#### DATA SECTION:
________

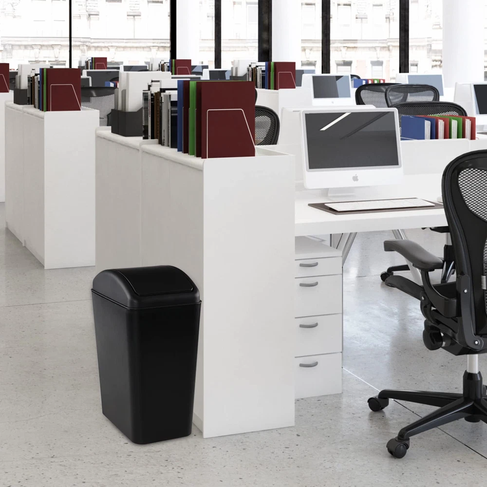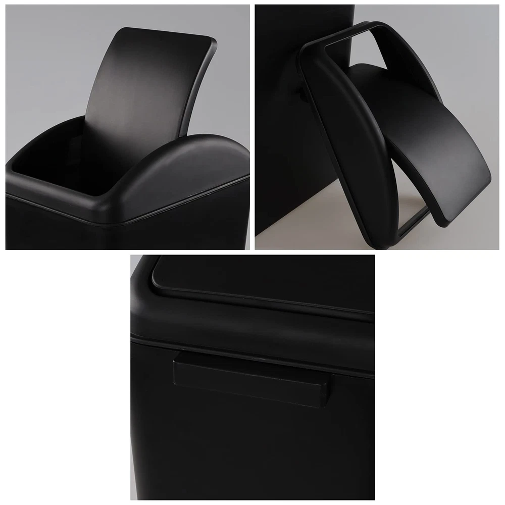 Garbage can with swing lid, easy to use Approximate capacity: 16 L / 4 Gal Plastic slim trash can, perfect for narrow space Size: 12.2" x 7.8" x 16.3" Suitable for office, bathroom, bedroom, kitchen, living room, etc.
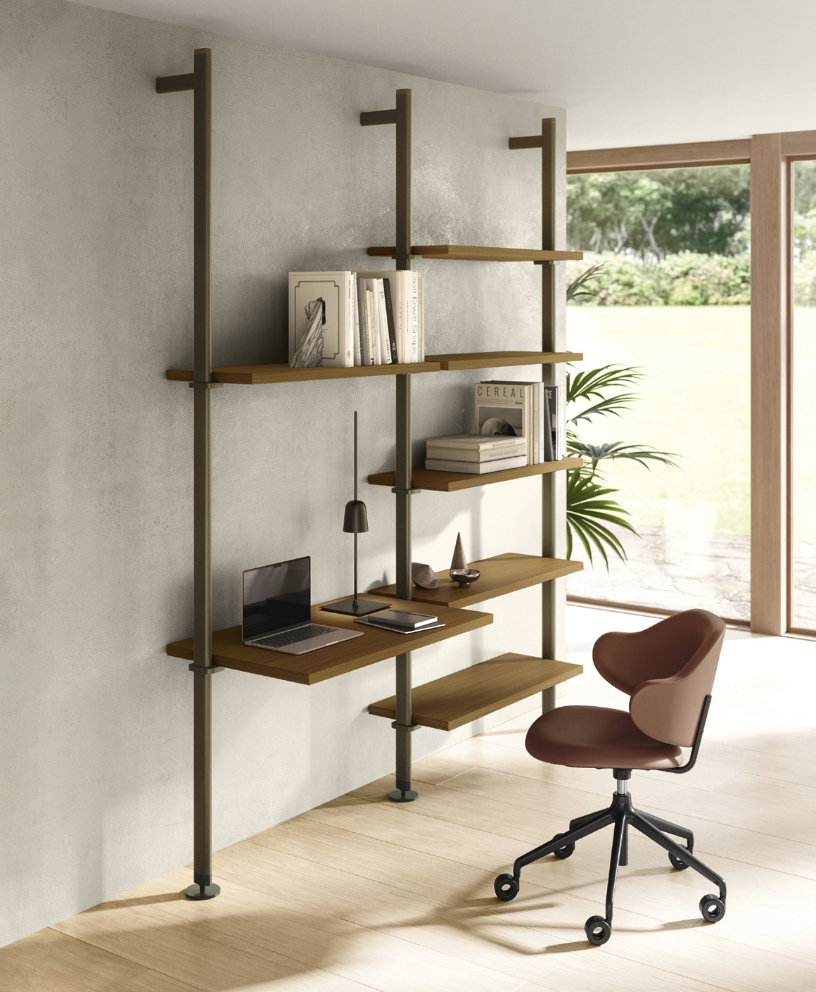 Das Bücherregal Cluster entstand aus dem Bedürfnis, ein modulares, vielseitiges und multifunktionales Bücherregalsystem zu schaffen. Ein hochflexibles Einrichtungssystem, das allen Designansprüchen gerecht wird – sowohl ästhetisch als auch funktional. Die doppelseitige Ausführung jedes Elements ermöglicht die Verwendung als freistehender Raumteiler. Dieses multifunktionale System wird durch die Vielzahl der Module erreicht, die es umfasst, darunter kippsichere Behälter, Vitrinen, Regale, Schubladenelemente und Schreibtischplatten sowie eine Reihe integrierter Accessoires wie Spiegel und Kleiderbügel. Es ist außerdem in zwei ästhetischen Varianten erhältlich, da die Pfosten für die Befestigung an der Decke oder Wand konzipiert sind. Die Regale sind in Holz und Blech erhältlich und ermöglichen so vielfältige Farb- und Gestaltungsmöglichkeiten. All dies, kombiniert mit der Liebe zum Detail, macht Cluster zu einem Produkt, das für individuelle Anpassung und große kreative Freiheit steht.
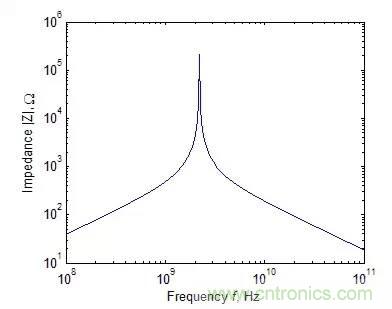 同樣可以得到一個(gè)典型的電容器的阻抗絕對(duì)值與頻率的關(guān)系。如下圖所示,由于存在介質(zhì)損耗和有限長(zhǎng)的引線,電容顯示出與電阻同樣的諧振特性。
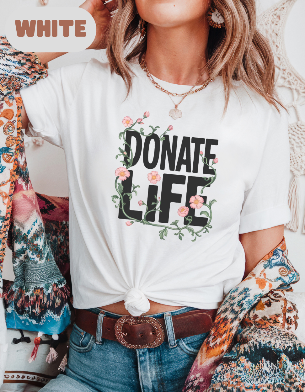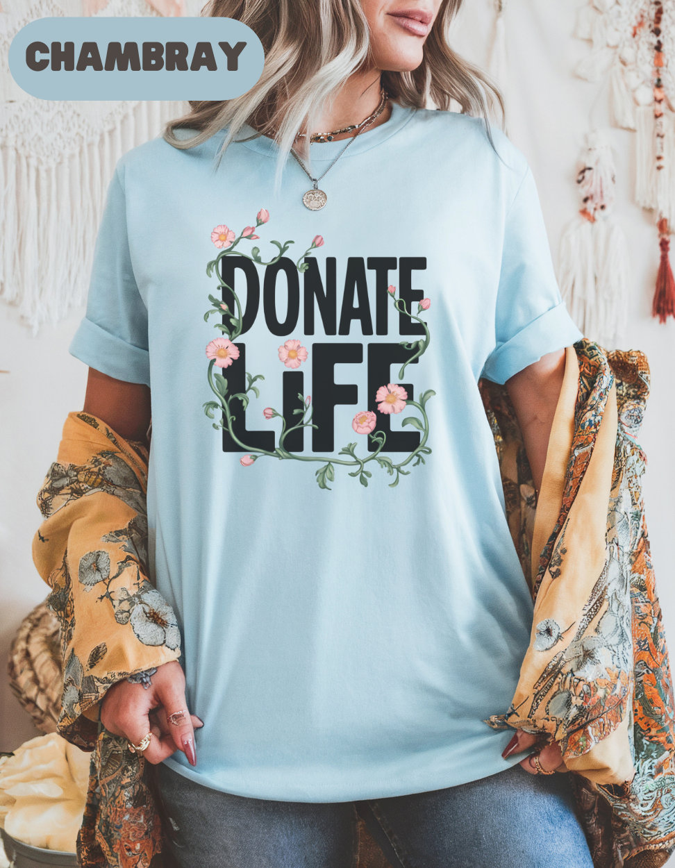 Floral Donate Life Shirt, Organ Donation Shirt, Transplant Awareness Gift, Living Donor Tee, Kidney Liver Heart Lung Transplant Survivor

________

#### WHAT YOU HAVE TO DO:
Leave out the pictures and print every line of the data exactly.

#### RESPONSE BELOW:
 Garbage can with swing lid, easy to use Approximate capacity: 16 L / 4 Gal Plastic slim trash can, perfect for narrow space Size: 12.2" x 7.8" x 16.3" Suitable for office, bathroom, bedroom, kitchen, living room, etc.
 Das Bücherregal Cluster entstand aus dem Bedürfnis, ein modulares, vielseitiges und multifunktionales Bücherregalsystem zu schaffen. Ein hochflexibles Einrichtungssystem, das allen Designansprüchen gerecht wird – sowohl ästhetisch als auch funktional. Die doppelseitige Ausführung jedes Elements ermöglicht die Verwendung als freistehender Raumteiler. Dieses multifunktionale System wird durch die Vielzahl der Module erreicht, die es umfasst, darunter kippsichere Behälter, Vitrinen, Regale, Schubladenelemente und Schreibtischplatten sowie eine Reihe integrierter Accessoires wie Spiegel und Kleiderbügel. Es ist außerdem in zwei ästhetischen Varianten erhältlich, da die Pfosten für die Befestigung an der Decke oder Wand konzipiert sind. Die Regale sind in Holz und Blech erhältlich und ermöglichen so vielfältige Farb- und Gestaltungsmöglichkeiten. All dies, kombiniert mit der Liebe zum Detail, macht Cluster zu einem Produkt, das für individuelle Anpassung und große kreative Freiheit steht.
 同樣可以得到一個(gè)典型的電容器的阻抗絕對(duì)值與頻率的關(guān)系。如下圖所示,由于存在介質(zhì)損耗和有限長(zhǎng)的引線,電容顯示出與電阻同樣的諧振特性。
 Floral Donate Life Shirt, Organ Donation Shirt, Transplant Awareness Gift, Living Donor Tee, Kidney Liver Heart Lung Transplant Survivor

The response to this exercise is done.